De ontwikkeling sinds den oorlog van het vraagstuk monarchie of republiek levert het bewijs, hoe volkomen verouderd de vroegere opvatting is alsof het eene stelsel onderworpenheid zou impliceeren, het andere vrijheid. De republiek van
| |
| |
de twintigste eeuw toont ons met nadrukkelijke duidelijkheid, dat de ware vrijheid, die luistert naar de wetten, zeker niet haar monopolie is, noch dwang haar vreemd.
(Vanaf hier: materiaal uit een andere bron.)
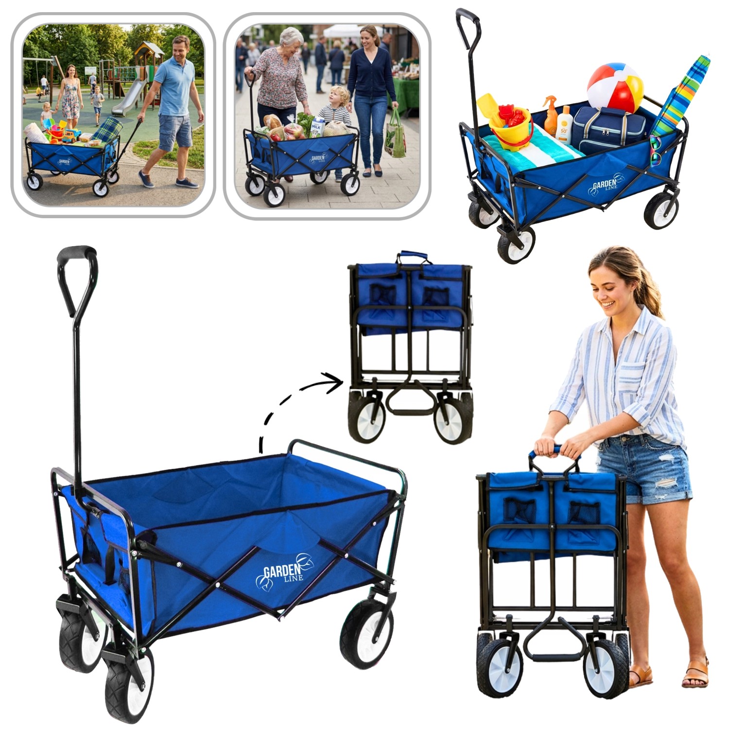 Представляем вам синюю складную садовую тележку — легкую, прочную и готовую к работе! Она отлично подойдет для перевозки инструментов, растений, покупок или даже багажа во время поездок. 🚀 Благодаря компактной конструкции и удобной ручке повседневные дела станут проще, чем когда-либо.

Is het een paradox van de geschiedenis of is het een innerlijke consequentie van het stelsel, dat in de landen waar de macht van den koning door de ministerieele verantwoordelijkheid is beperkt, de straten van rollende kronen zijn verschoond gebleven? Hoe verkeerd hebben de conservatieven het gezien, toen zij meenden, dat het liberalisme het koningschap ten val zou brengen. Hier zijn in werkelijkheid de liberalen de conservatieven geweest, de conservateurs.
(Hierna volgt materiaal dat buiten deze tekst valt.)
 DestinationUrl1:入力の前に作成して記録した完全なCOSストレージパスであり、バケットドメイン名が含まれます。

En zoo men toch aan een paradox zou willen vasthouden, dan zou het deze moeten zijn: de democratische staat is de redder van het koningschap.
Geen staat levert hiervan meer het bewijs dan Engeland. Het is nauwelijks honderd jaar geleden, dat Bentham, Mill en anderen het als de natuurlijke consequentie van het liberalisme beschouwden, dat door zijn overwinning de monarchie zou verdwijnen; dat Shelley - het was na de regeering en het overlijden van George IV - den regel schreef: ‘Oh, that the free would stamp the impious name of King into the dust’. En nog in een volgende periode waren mannen als Dilke Morley, Chamberlain, Bradlaugh, de stichters van republikeinsche clubs, waar zij en Annie Besant, later de ongekroonde vorstin der theosofen, het republikeinsche beginsel verdedigden.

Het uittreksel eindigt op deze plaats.